PROMPT =
All records that follow are to be copied exactly, with images omitted.

↓↓↓

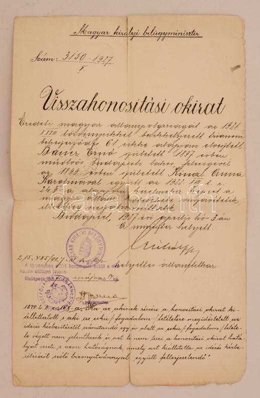 Beschreibung: 1927 Visszahonosítási okirat budapesti lakosok részére; honpolgári esküvel, okmánybélyegekkel, hajtva, szakadással, 34×21 cm
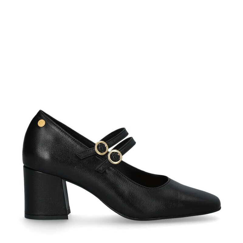 Barletta, pumps från Novita i svart nappaskinn med foder i kromfritt lammskinn. Pumpsen har rak tå och läderklädd blockklack, ca 6,5 cm hög samt två smala remmar över foten som knäpps med runda, guldfärgade spännen. Ytterrsula i tunit. Något rymligare läst, passar dig med lite bredare fötter.
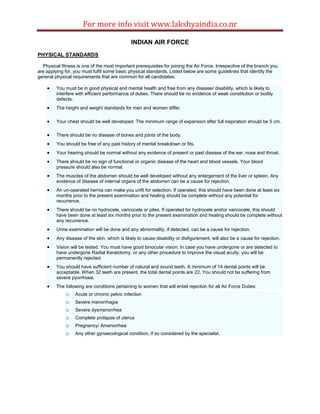 The document outlines the physical standards required to join the Indian Air Force, including additional standards for the Flying Branch. Some key requirements include:
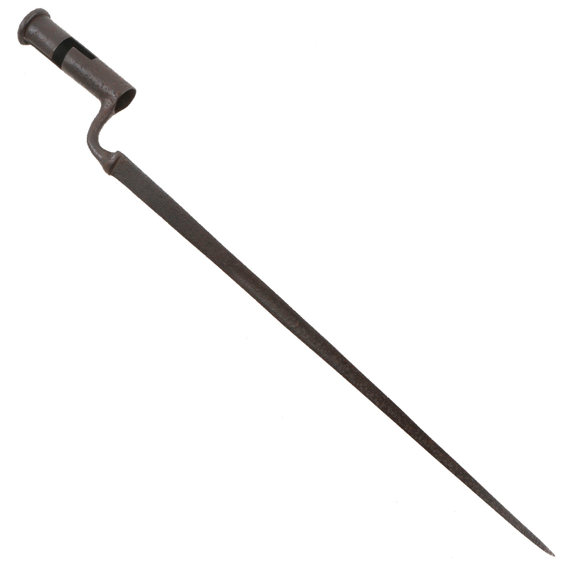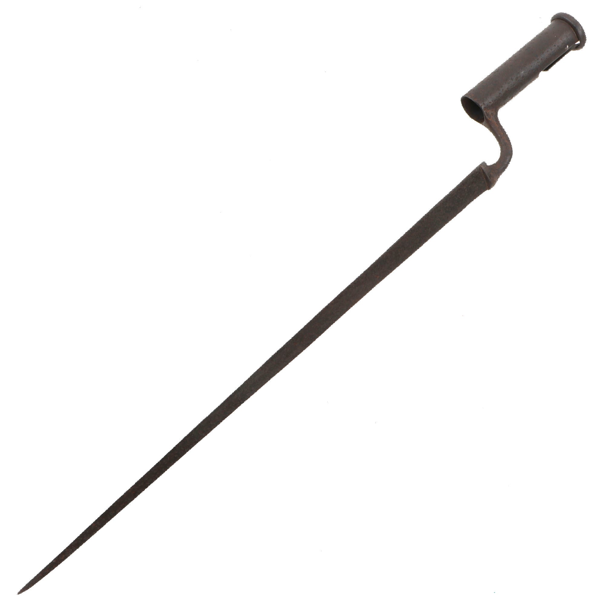 Original Item. Only One Available. This is a fine pitted example of a crude American-made socket bayonet in the Brown Bess style, dating to the 1770s. There are no existing markings and the construction is rather crude, perfect for this period and for early American manufacture. It was certainly American-made for a Brown Bess musket, which they used extensively during the war.
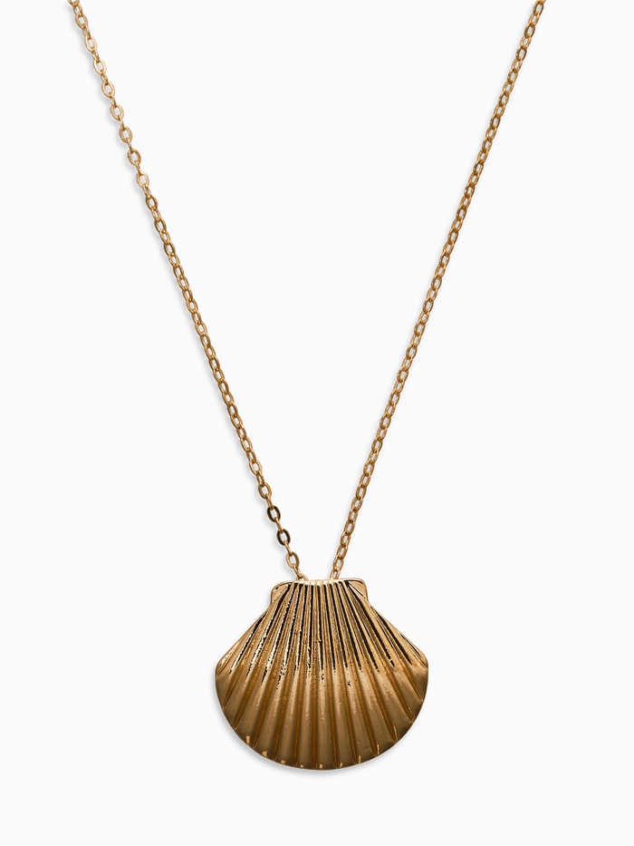 Основа кулона изготовлена из первоклассного металла, покрытого глянцевым золотистым напылением, что придает изделию живой блеск и очарование солнца на закате. Ракушка расположена на изящной цепи длиной ровно 50 см, повторяя очертания классической морской раковины, внутри которой будто скрываются сокровища океанских глубин.

↑↑↑

RESULT OF THE TASK =
 Beschreibung: 1927 Visszahonosítási okirat budapesti lakosok részére; honpolgári esküvel, okmánybélyegekkel, hajtva, szakadással, 34×21 cm
 Barletta, pumps från Novita i svart nappaskinn med foder i kromfritt lammskinn. Pumpsen har rak tå och läderklädd blockklack, ca 6,5 cm hög samt två smala remmar över foten som knäpps med runda, guldfärgade spännen. Ytterrsula i tunit. Något rymligare läst, passar dig med lite bredare fötter.
 The document outlines the physical standards required to join the Indian Air Force, including additional standards for the Flying Branch. Some key requirements include:
 Original Item. Only One Available. This is a fine pitted example of a crude American-made socket bayonet in the Brown Bess style, dating to the 1770s. There are no existing markings and the construction is rather crude, perfect for this period and for early American manufacture. It was certainly American-made for a Brown Bess musket, which they used extensively during the war.
 Основа кулона изготовлена из первоклассного металла, покрытого глянцевым золотистым напылением, что придает изделию живой блеск и очарование солнца на закате. Ракушка расположена на изящной цепи длиной ровно 50 см, повторяя очертания классической морской раковины, внутри которой будто скрываются сокровища океанских глубин.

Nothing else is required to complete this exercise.